'Sick building' syndrome imminent, observers say



Publié le 26 Novembre 2003
Publié le 18 Janvier 2011
 

Ottawa's vigorous office space market could actually cost the city millions of dollars.

Sujets :
Nortel Networks , Royal LePage , Corporate Research Group , Ottawa , Heritage Place

One industry observer predicts "sick building" syndrome will plague the city's supply of class B and C office space as the quality of lower-tier buildings is degraded.

Some observers believe the syndrome is creeping into the city's supply of office space as the government absorbs class A space, especially in the downtown core.

A glut of cheap A space in the suburbs is also being snapped up by governments, both federal and municipal.

The feds bought Nortel Networks' Skyline campus for $90 million and the city has leased a former Nortel building on Constellation Crescent.

With class A buildings full of coveted government tenants, building owners will keep investing into that class, with a neglected supply of class B and C space.

"There are going to be a lot of B and C buildings that will be vacated over the next five to 10 years," said market analyst Brian Card, president of the Corporate Research Group.

"That will lead to 'sick buildings' that don't meet the building codes, which is going to need a lot of money invested."

While the ranking system is subjective, class A space is generally considered to have an excellent location, amenities, building materials, property management and tenants.

Class B and C office space are classified in comparison.

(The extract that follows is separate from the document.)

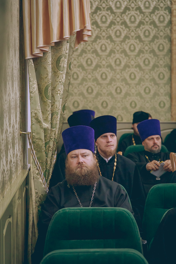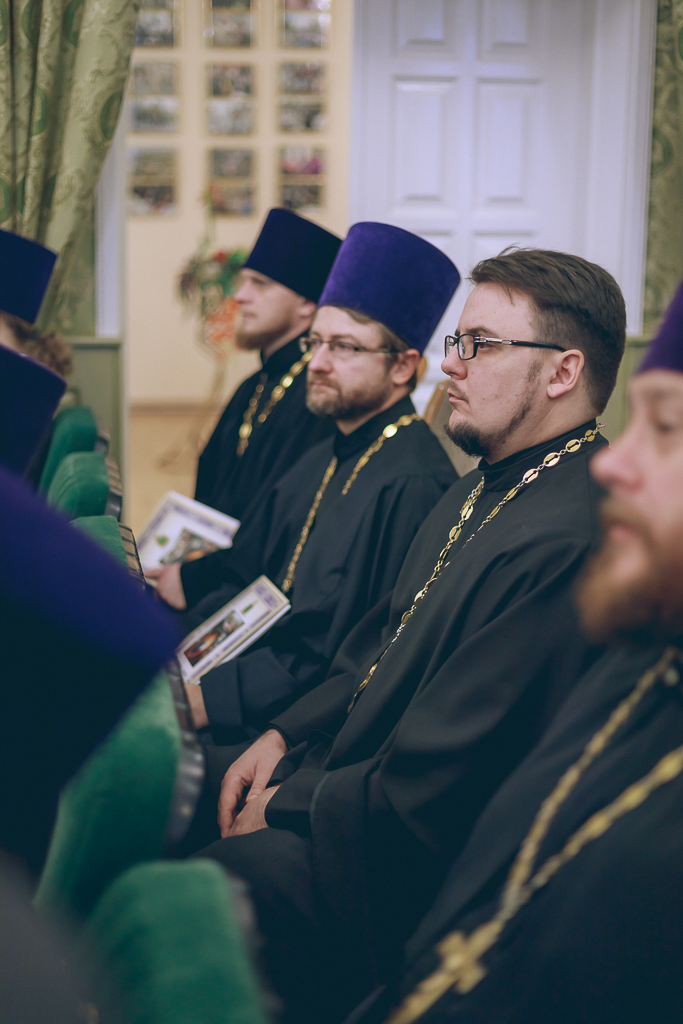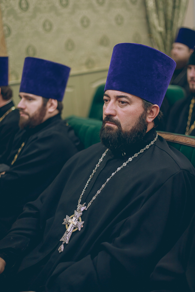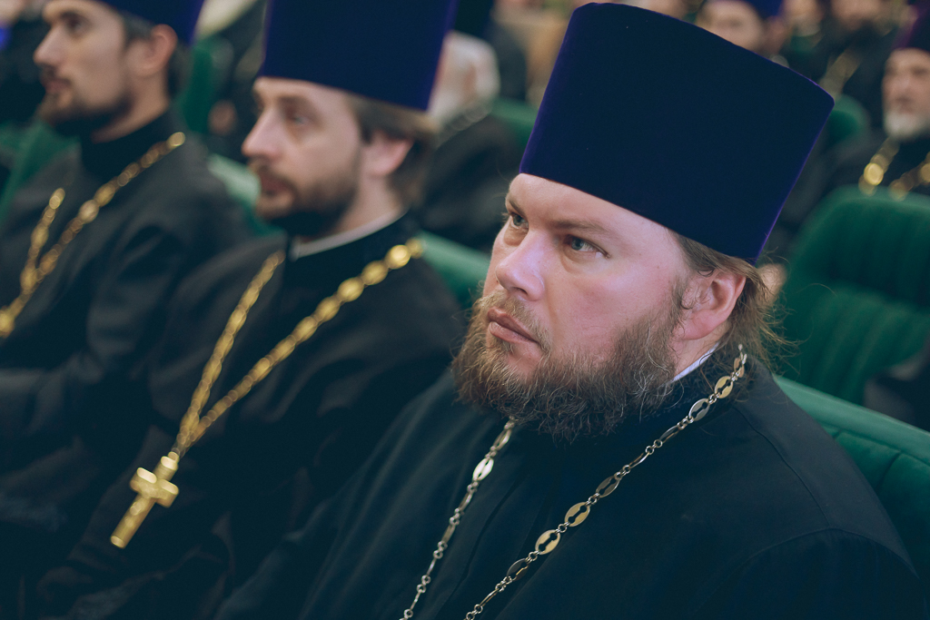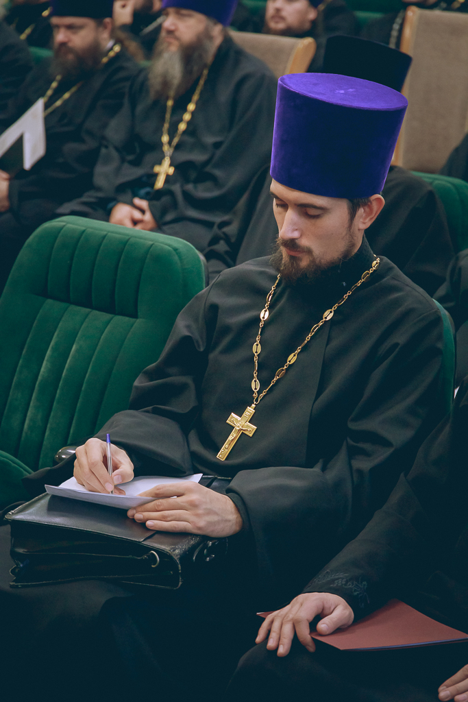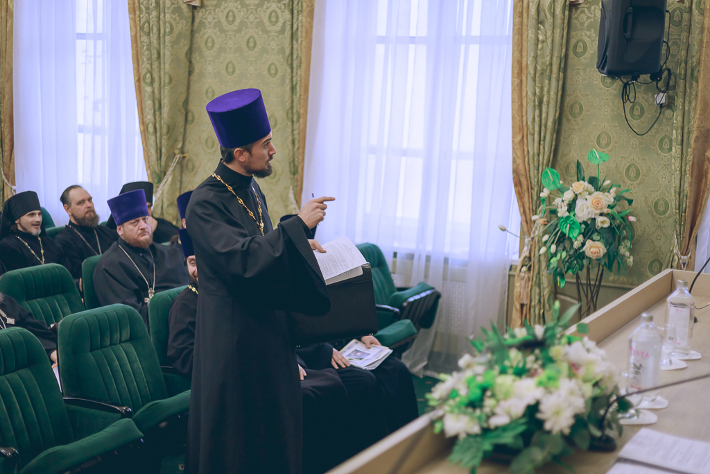 Председатель отдела религиозного образования и катехизации протоиерей Сергий Яценко поблагодарил священнослужителей за соработничество в деле духового просвещения на местах. Рассказал о новых стандартах относительно воскресных школ на приходах. Также доложил об основных событиях, прошедших в рамках работы отдела. Протоиерей Сергий пояснил о работе в дошкольных, школьных учреждениях и вузах, рассказал о методическом центре при отделе и его работе, также о секторе казачьего образования, привел статистику о проделанной работе.

In Ottawa's core, the vacancy rate for class A space is about one per cent. This relative lack of space, in combination with extremely competitive rental rates, has prompted international and national investors, mostly pension funds and real estate investment trusts to sink their money into local class A buildings.

Recent examples include the sale of Heritage Place and the Standard Life Centre to Northam Realty, with German backing, and the Chambers to an Isreali money-backed investor.

Paul Hindo, vice-president and general manager of Royal LePage Commercial Inc., disagrees with Card.

The tight downtown market and relatively high rental rates will drive people into cheaper class B and C space as they renew their leases, he said.

"People are getting sticker shock, so they're looking at B and C space," Hindo said. "If nothing else, B and C landlords are benefiting, because they are going to see a lot more competition for space and a decline in B and C rates."

Hindo cited the building in which Royal LePage is a tenant at 220 Laurier Ave. recently underwent a renovation.

"A lot of landlords are spending more money on renovations. Some class B and C buildings have gone through some major retrofitting."

Minto Commercial Inc. doesn't own any class B or C buildings, but senior vice-president Regis Trudel said new class A space, with three buildings coming on-stream, will spur landlords to invest in improvements.

"The stock has to be continually upgraded because everyone's expectations are on the rise. New product makes it harder to compete for tenants," he said, adding a couple of downtown buildings have been completely gutted over the last decade.